Ama bugün zulme başkaldıran bir halk var.
O halkın nice deneyimlerde sınanmış bir öncüsü var.
Hükümleri geçersizdir.
Öyle uzaklara değil, yarınların Türkiye’sine bakın.
- Tayyip Erdoğan – Abdullah Gül – Fethullah Gülen üçlüsünün
hükmünü göremeyeceksiniz.
- Onlar yenilmiştir.
Ekonomi raporları, siyasal tahliller, güç dengeleri falan, hepsi kuşkusuz önemlidir
ve tartışılıyor.
Ama tartışmasız olan bir gerçek var.
O da Silivri Kal’ası’na dağları ve ovaları aşarak gelen milletin on binlerce öncüsüdür.
Onların ellerindeki bayraklarının rengi, bugünün tartışmasız gerçeğidir
ve yarınların hükmüdür.
- Milletin hükmü; Oval Ofis güdümlü Haçlı irticanın fermanını
iptal etmiştir.
Türkiye’nin yaldızsız gerçeği
O gün Silivri Kal’ası’nın cephesine ulaşanlar kahraman oldu.
Hiç kimse onları sahneye çağırmayacak.
Hiçbir mikrofon onlara uzatılmayacak.
Hiçbir kamera önünde poz vermek durumunda kalmayacaklar.
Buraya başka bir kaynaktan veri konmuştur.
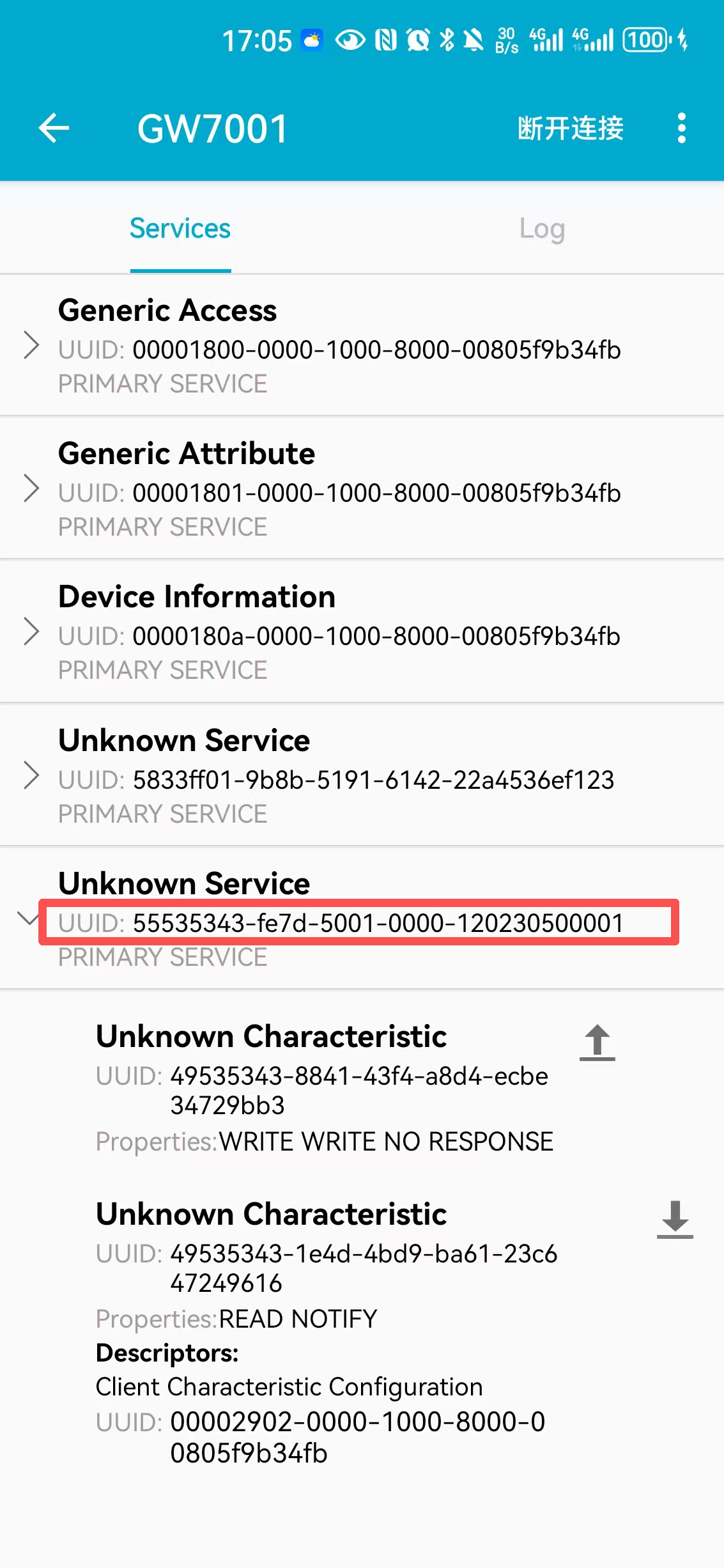 AT+BLESERUUID=55535343fe7d50010000120230500001

İsimleri hiçbir taşın üzerine kazınmayacak, hiçbir deftere yazılmayacak.
Kendileri için madalya törenleri yapılmayacak, ikiyüzlü nutuklar atılmayacak, tenekeden ve plastikten plaketler verilmeyecek.
Ama işte onlar o dumanlar içinde kaybolmuş kalenin bağrında,
bugün Türkiye’nin yaldızsız ve süslemesiz gerçeğidirler.
Hem de en kudretli ve en acımasız gerçeği.
Kendisine karşı koymaya kalkanları ezip geçecek olan o halk gerçeği.
Artık Türkiye’nin hikâyesinde, destanında yalnız o gerçek vardır.